→ WORK TASK: Without any pictures, output the records exactly as they are.
MATERIAL PROVIDED section start
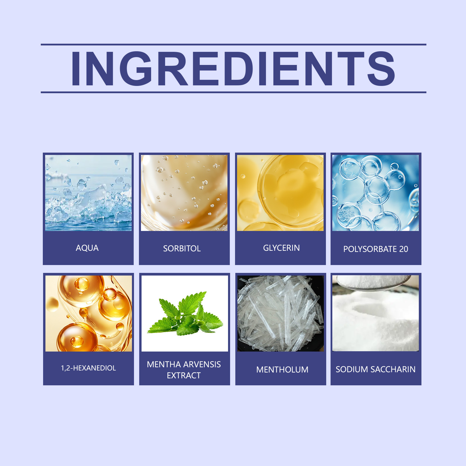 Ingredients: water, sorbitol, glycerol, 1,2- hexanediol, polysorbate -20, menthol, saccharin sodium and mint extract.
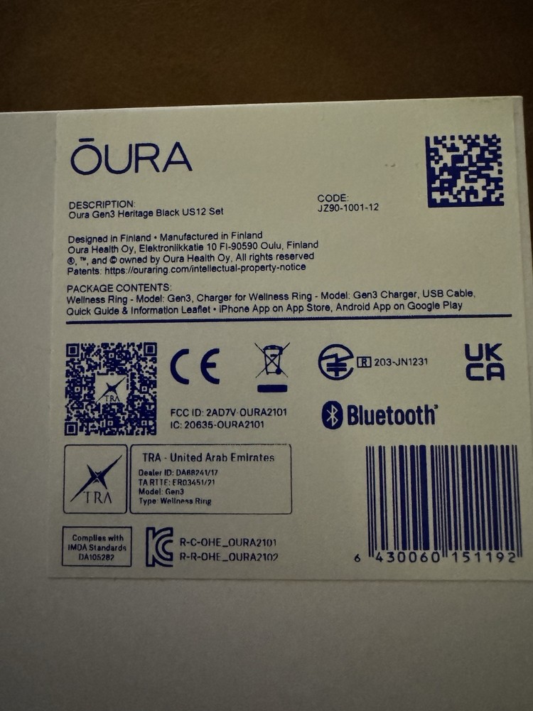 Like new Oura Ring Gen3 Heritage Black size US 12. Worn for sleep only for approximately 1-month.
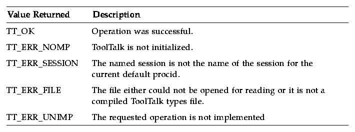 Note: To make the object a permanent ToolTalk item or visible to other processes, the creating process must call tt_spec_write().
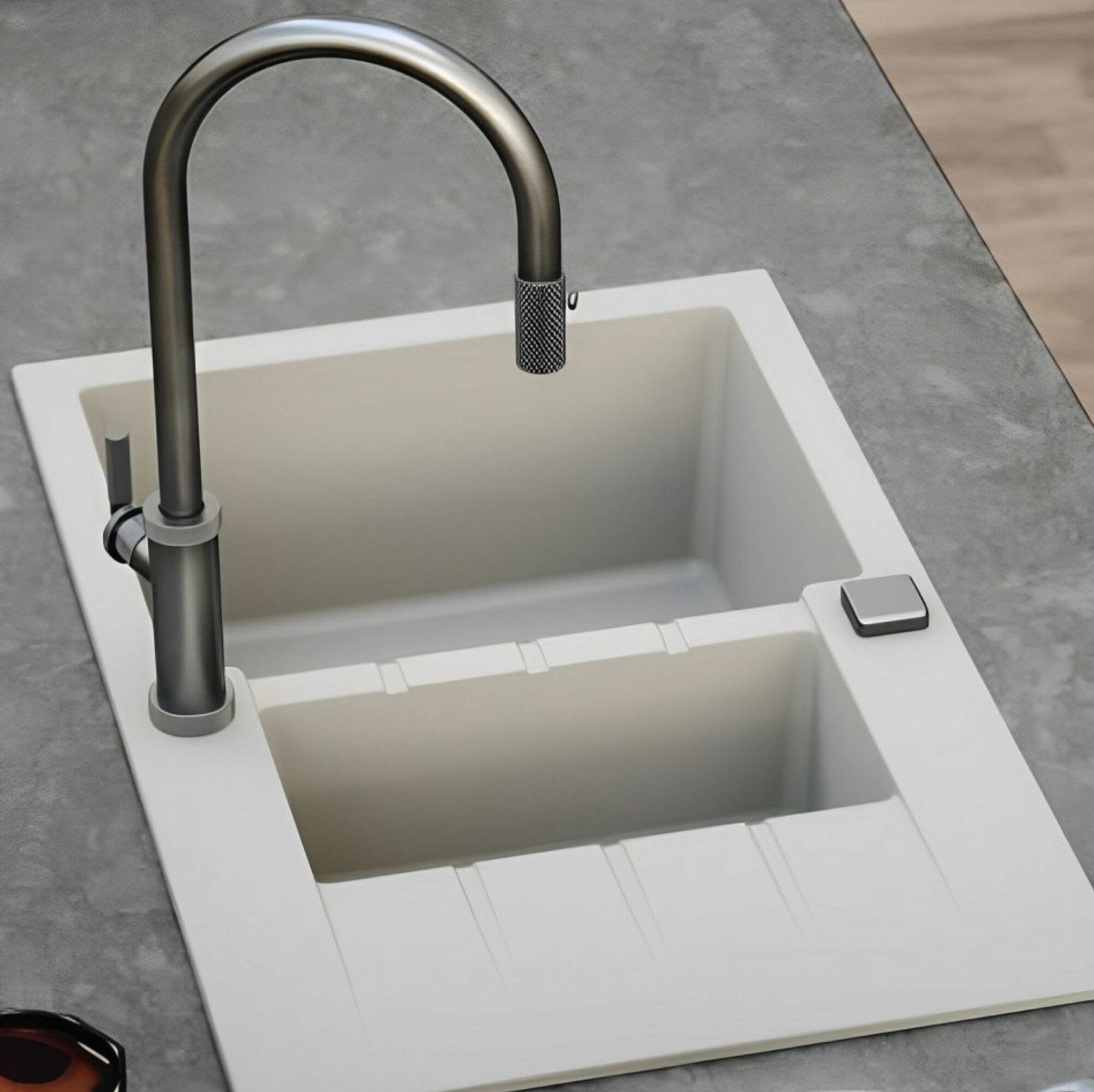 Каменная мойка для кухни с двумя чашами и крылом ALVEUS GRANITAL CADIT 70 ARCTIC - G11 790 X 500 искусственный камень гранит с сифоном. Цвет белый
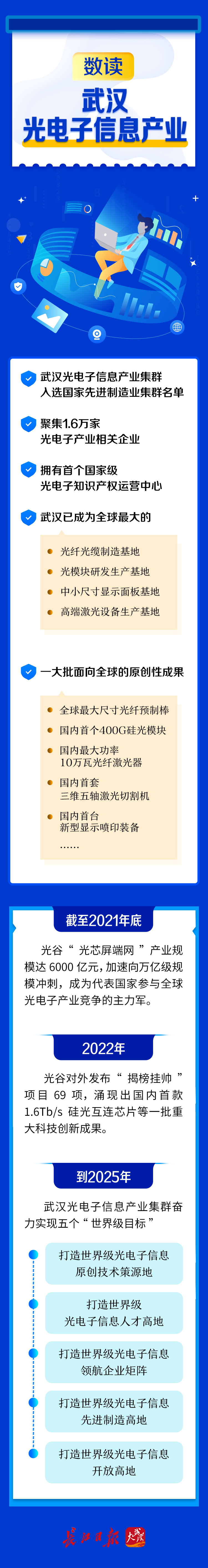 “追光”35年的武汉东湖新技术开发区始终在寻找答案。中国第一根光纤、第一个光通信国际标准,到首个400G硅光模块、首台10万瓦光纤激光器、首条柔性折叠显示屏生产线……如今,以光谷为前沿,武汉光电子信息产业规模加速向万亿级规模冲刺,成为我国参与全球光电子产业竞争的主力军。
MATERIAL PROVIDED section end
→ ANSWER BOX:
 Ingredients: water, sorbitol, glycerol, 1,2- hexanediol, polysorbate -20, menthol, saccharin sodium and mint extract.
 Like new Oura Ring Gen3 Heritage Black size US 12. Worn for sleep only for approximately 1-month.
 Note: To make the object a permanent ToolTalk item or visible to other processes, the creating process must call tt_spec_write().
 Каменная мойка для кухни с двумя чашами и крылом ALVEUS GRANITAL CADIT 70 ARCTIC - G11 790 X 500 искусственный камень гранит с сифоном. Цвет белый
 “追光”35年的武汉东湖新技术开发区始终在寻找答案。中国第一根光纤、第一个光通信国际标准,到首个400G硅光模块、首台10万瓦光纤激光器、首条柔性折叠显示屏生产线……如今,以光谷为前沿,武汉光电子信息产业规模加速向万亿级规模冲刺,成为我国参与全球光电子产业竞争的主力军。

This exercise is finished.